Los países que nunca visitaste, las personas que nunca conociste, las muchachas que no vinieron a la cita alimentan la crónica que no escribes.
Pero nunca preguntes por qué no vino la muchacha.
Tal vez el diablo te hizo una de las suyas: primero la dejó caer entre tus cosas, te escondió una sonrisa. Y tú creíste que habían derrumbado para siempre el campanario de tu soledad. Mas el diablo es del diablo. Te la reparte en imágenes difusas: dos ojos en un ómnibus; una rabiosa cabellera sobre alguna azotea; el eco, el dulce eco, de una voz…
Siempre que falta la muchacha, se repite el ciclo de todo lo incompleto, el hueco horrible de las risas perdidas, la sensación de vida que se va.
El muro caprichoso donde debieron abrazarse las dos sombras, es la pantalla por la que ahora cruzan tantos falsos recuerdos. Detrás del muro, están las calles bulliciosas que no descubriste en tus frustradas visitas a Madrid, Vancouver, Carolina del Norte; están los versos que jamás improvisaste; la mirada piadosa de quienes casi saludaste un día lejano: un Samuel Feijóo que visitó tu grupo de teatro la única noche que no fuiste; una Dulce María Loynaz a quien no besaste en su 90 cumpleaños, por no esperar tu turno en la cola de tantos que la querían besar; un Jorge Boccanera que finalmente no llega a ese rincón de México de donde soñabas regresar con un autógrafo suyo sobre cada poema.
Pero nunca preguntes por qué no vino la muchacha. No dibujes de nuevo los pezones quién sabe si robados.
En esta hora terrible te lo preguntas todo. No hay ni un ángel de guardia.
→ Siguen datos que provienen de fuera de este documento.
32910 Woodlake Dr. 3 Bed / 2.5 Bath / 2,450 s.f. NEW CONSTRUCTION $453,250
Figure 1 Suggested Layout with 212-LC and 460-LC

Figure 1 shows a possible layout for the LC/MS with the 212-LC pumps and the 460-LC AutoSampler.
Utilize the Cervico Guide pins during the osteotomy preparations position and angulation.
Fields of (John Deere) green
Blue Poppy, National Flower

Nadie va a devolverte las canciones que te faltaron hoy.
El diablo, el señor diablo, el compañero diablo, el sinvergüenza, el cuadrado, el burócrata diablo ha escondido los naipes de tu historia.
Tú sigues calle abajo, de cuadra en cuadra, de por qué en por qué.
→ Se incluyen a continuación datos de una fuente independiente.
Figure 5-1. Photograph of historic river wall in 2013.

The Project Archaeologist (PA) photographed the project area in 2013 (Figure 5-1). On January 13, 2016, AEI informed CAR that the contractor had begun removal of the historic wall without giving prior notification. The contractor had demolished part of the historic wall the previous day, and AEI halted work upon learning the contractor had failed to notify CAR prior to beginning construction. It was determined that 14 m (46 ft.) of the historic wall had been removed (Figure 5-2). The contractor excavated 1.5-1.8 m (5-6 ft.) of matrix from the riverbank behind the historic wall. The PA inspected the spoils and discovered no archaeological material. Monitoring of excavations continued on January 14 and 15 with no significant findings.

Los países que nunca visitaste, las personas que nunca conociste, las muchachas que no vinieron a la cita, te miran desde lejos.
Porque el diablo es el diablo. Y no podrás llevarte a casa ese recuerdo que te hará tanta falta en tu vejez. No podrás sonreír ante dos sombras que se abrazan sobre el muro. No podrás pronunciar tus tres mentiras, ni acariciar los mínimos pezones, ni mucho menos ―ni muchísimo menos― escribir esta página.
Ya no eres sucio ni torpe ni tampoco mi perro. Ahora duermes tal vez, en cualquier patio.
Siento otra vez tus pasos por el pasillo y la azotea. Recuerdo tu llegada intempestiva a casa, mis inútiles esfuerzos por echarte, el nombre que jamás te di.
Pude llamarte «Mocho», aunque no acaricié nunca el pedazo de cola que te habían dejado. Fui siempre tardo con tu almuerzo y tu agua. Pero tú, imperturbable, cuidabas mis dominios y a tu manera me advertías que el enemigo eran los demás.
Fui tu peor amigo.
Ahora lo sé porque, definitivamente, existen noches de insomnio en las que se regresa a aquellas horas en que pudo faltarnos la inocencia. Hay madrugadas que parecen hechas para pedir perdón.
Arriba las estrellas siguen todas sin nombre para mí. Jamás pude decir: «He aquí el Lucero del Alba; esta es la Estrella Polar». Tampoco dije jamás: «Este es mi perro», salvo cuando un desconocido me preguntó de pronto:
—¿Es suyo? ¿Por qué no me lo regala? Yo tengo un patio grande. Yo lo voy a cuidar.
—¿Lo quieres?... Llévatelo.
No sé si una respuesta tan cruel tendría traducción en el idioma de los perros. En cambio, leí unos signos de interrogación en tus pupilas cuando ibas ya sobre la bicicleta extraña y me miraste cariñoso aquella última vez…
Arriba las estrellas siguen todas sin nombre para mí. Abajo, en algún patio, acaso sueñes todavía. Yo no, porque me crece tu recuerdo. Y sé que he sido tu peor amigo. Y te pido perdón. Y te extraño, carajo, ahora que todos ladran, menos tú.